Meckel syndrome (MKS) is a rare, lethal autosomal recessive ciliopathy characterized by occipital encephalocele, polycystic kidneys, postaxial polydactyly, liver fibrosis and central nervous system malformations. The primary cilium is disrupted, leading to multisystem dysfunction. Biallelic variants in TMEM231 impair ciliary structure and function in affected fetuses.
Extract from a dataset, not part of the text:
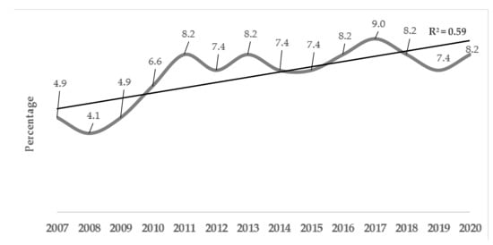 The 122 articles included in the synthesis were published in 49 indexed journals, primarily in English. They were predominantly publications in occupational therapy journals: Australian Occupational Therapy Journal n = 15 (12.3%); American Journal of Occupational Therapy n = 13 (10.7%) and the Scandinavian Journal of Occupational Therapy n = 10 (8.2%). The rest of the journals published less than ten articles that were relevant to the research questions between 2007 and 2020. As shown in Figure 2, the number of publications fluctuated, although a certain regularity was maintained, with an average of 8.3 annual publications. Furthermore, a gradual and stable increase in published studies was observed in the last ten years (Figure 2).

Genetic evidence for TMEM231 emerged in 2013 when exome sequencing in two consanguineous families identified homozygous splice (c.439-1G>C) and missense (c.664G>T (p.Val222Phe)) mutations leading to transcript degradation and classic MKS features (PMID:23349226). A long-read sequencing study confirmed compound heterozygosity including a splice donor variant c.929+1A>G and an exon 4 deletion in a third family (PMID:31663672). More recently, novel splice site variants c.583-1G>C and c.583-2_588delinsTCCTCCC were reported in a nonconsanguineous fetus with intrauterine death, expanding the allelic spectrum (PMID:37736303).

Overall, 4 unrelated probands across three families demonstrate autosomal recessive inheritance with biallelic loss-of-function and hypomorphic alleles (PMID:23349226; PMID:31663672; PMID:37736303). Variant classes include canonical splice site (e.g., c.583-1G>C), frameshift (p.Val70fs), nonsense (p.Gln127Ter) and missense (p.Val222Phe) changes.

Functional assays show that splice site variants cause exon skipping and reduced TMEM231 transcript levels by qRT-PCR, and immunofluorescence reveals near absence of primary cilia in patient kidney tissue (PMID:37736303). In the original MKS families, the splice mutation led to complete mutant transcript degradation in vitro, confirming loss-of-function as the disease mechanism (PMID:23349226).

No studies dispute this association; all reported variants segregate with disease in parental carriers, and functional data are concordant with the human phenotype. TMEM231 deficiency causes defective ciliogenesis through haploinsufficiency of essential ciliary proteins.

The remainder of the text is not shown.